The 2013 Malawi Tuberculosis prevalence survey findings suggest that about 50% of TB cases in the country remain undetected. The survey concluded that the case finding strategies that the country is employing are wanting as there is a glaring gap between TB prevalence and TB notification rate. The study therefore recommended that case-finding activities be enhanced through expanded access to diagnostic services, and improved TB screening tools and algorithms.

It is with this in mind that the Government of Malawi through the Southern Africa TB and Health Systems Support Project proposed innovative ways that would enhance case detection in the districts the Project is being implemented. One such approach is to promote and support community awareness campaigns in areas with mining activities.

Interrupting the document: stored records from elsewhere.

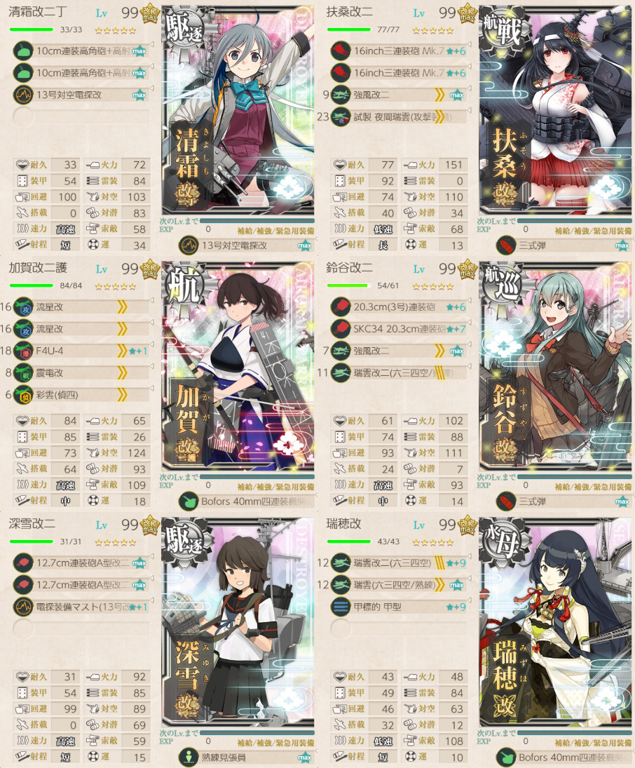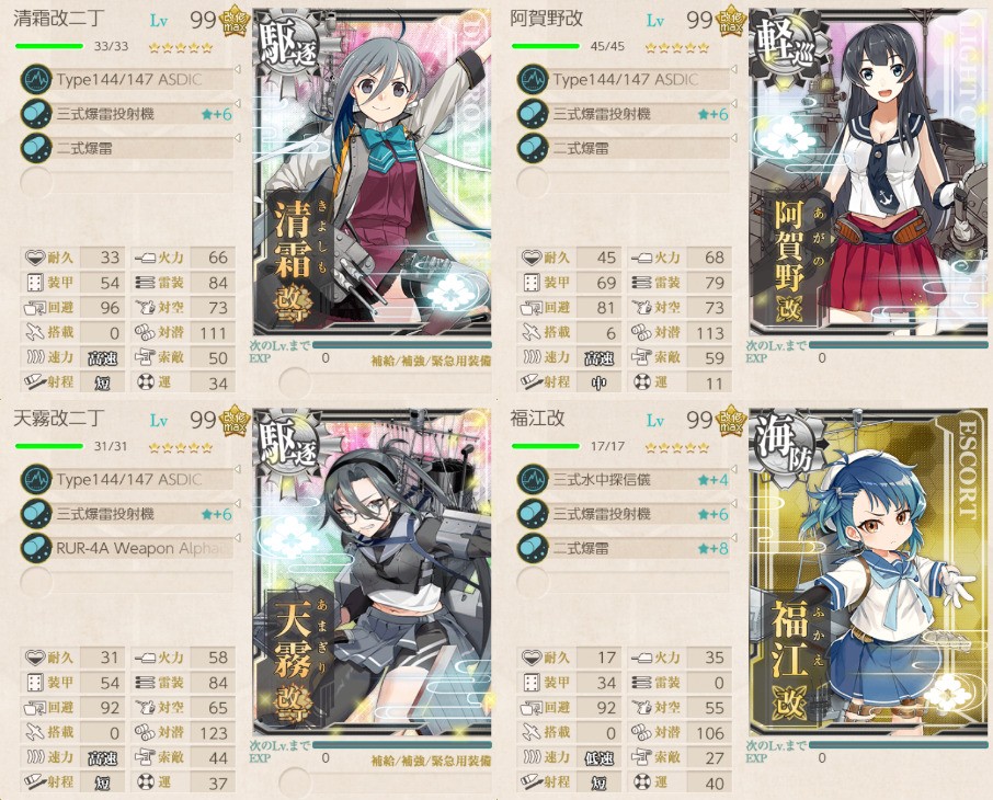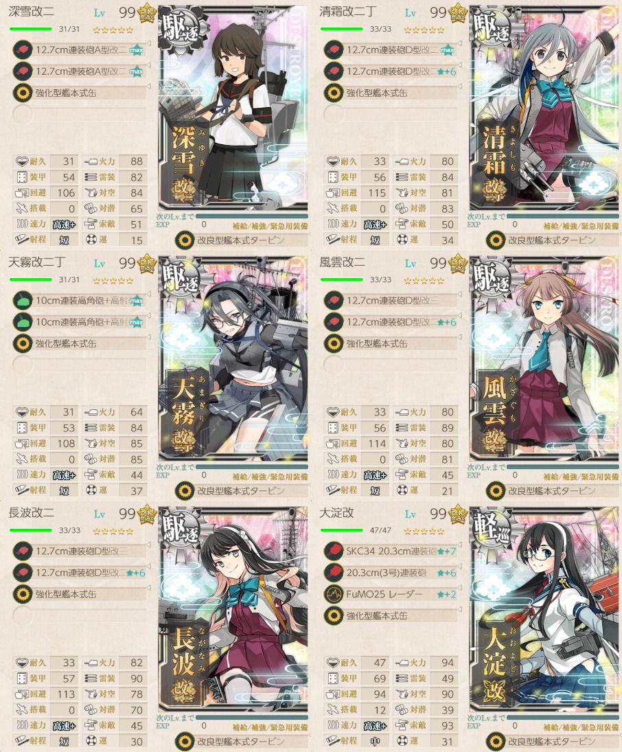 「阿賀野」「酒匂」「瑞穂」「如月」「深雪」「浦波」「天霧」「狭霧」「峯雲」「清霜」「朝霜」を旗艦と他2隻以上を含む艦隊で鎮守府近海、北方キス島沖、サブ島沖海域、MS諸島沖の敵を反復撃滅せよ!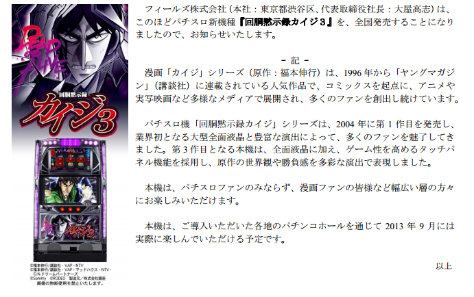 フィールズ株式会社(本社:東京都渋谷区、代表取締役社長:大屋高志)は、このほどパチスロ新機種『回胴黙示録カイジ3』を、全国発売することになりましたので、お知らせいたします。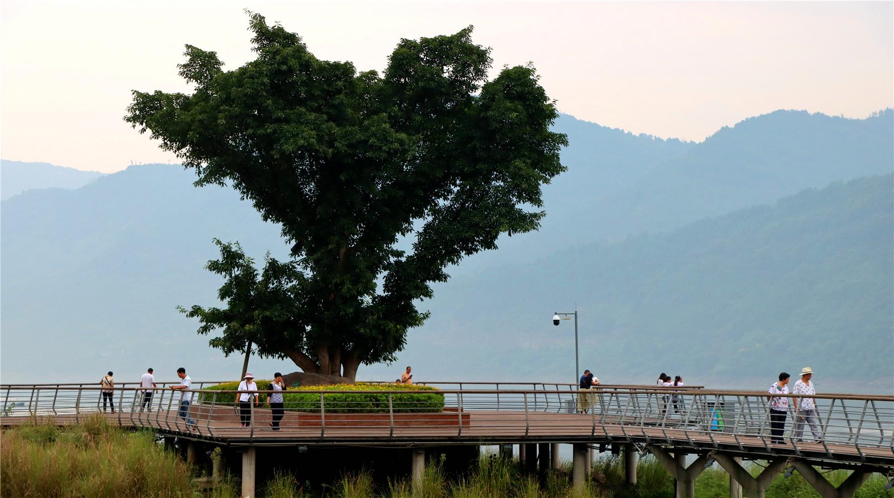 “滨江公园提档升级后,我们对园内活动场地重新规划,对路面进行改造,树木重新归置,现在整个观江视线都打开了。”云阳县环湖绿道指挥部办公室造价部副部长陈阵说。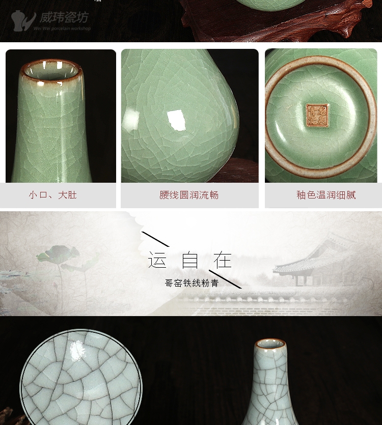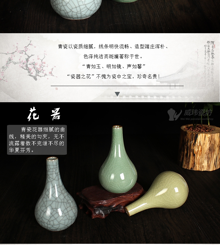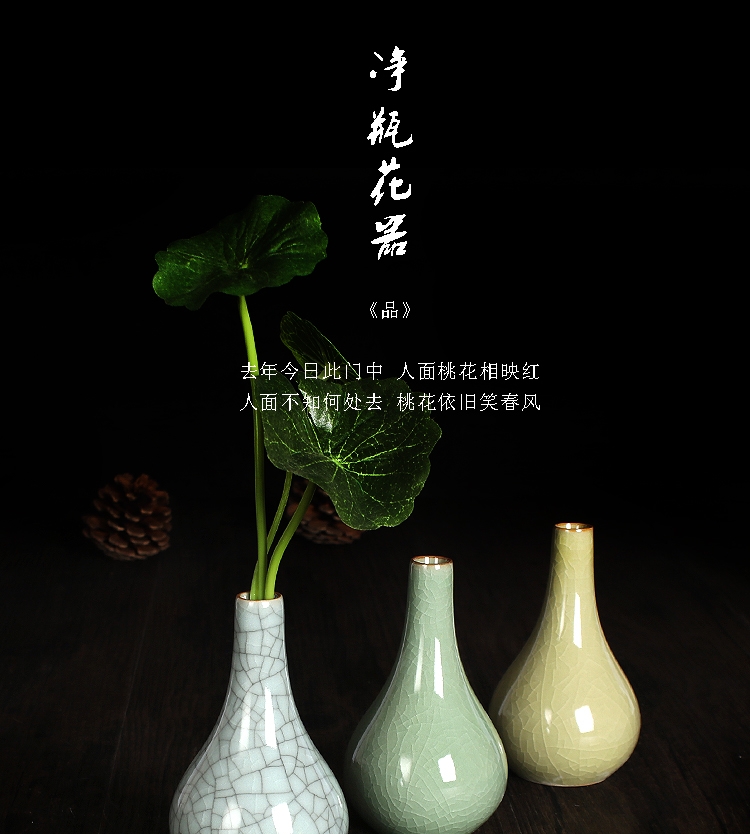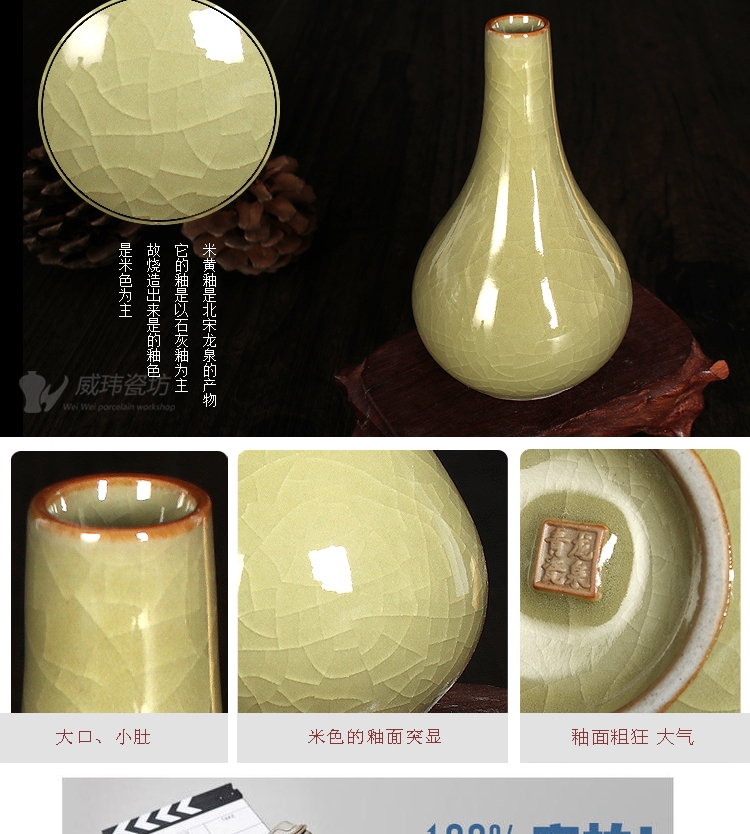 哥黃龍泉威瑋青瓷 凈瓶迷你花器復古家飾臺面小花瓶擺件陶瓷器

The campaigns involve the provision of information on general information related to TB ranging from how TB is transmitted, how TB is treated and prevented including its signs and symptoms. The meetings also provided a forum to demystify myths around the disease. To add value to the campaigns, special tables manned by health workers with support from community sputum collection point volunteers are set. These tables help those who freely want to submit their sputum for testing.


Rumphi district is one such district where this approach has been adopted and put to full use. The district held 12 awareness campaigns in March 2017. These meetings resulted in 65 Presumptive TB cases submitting their sputum for testing. “The results have motivated us as a district to make full use of these campaigns as one way of reaching out to people and having them get tested” echoed Mr. Kenan Mfune, the District Focal Point person for the Project in Rumphi. It is anticipated that more people will be reached and will submit their sputum for testing in successive campaigns.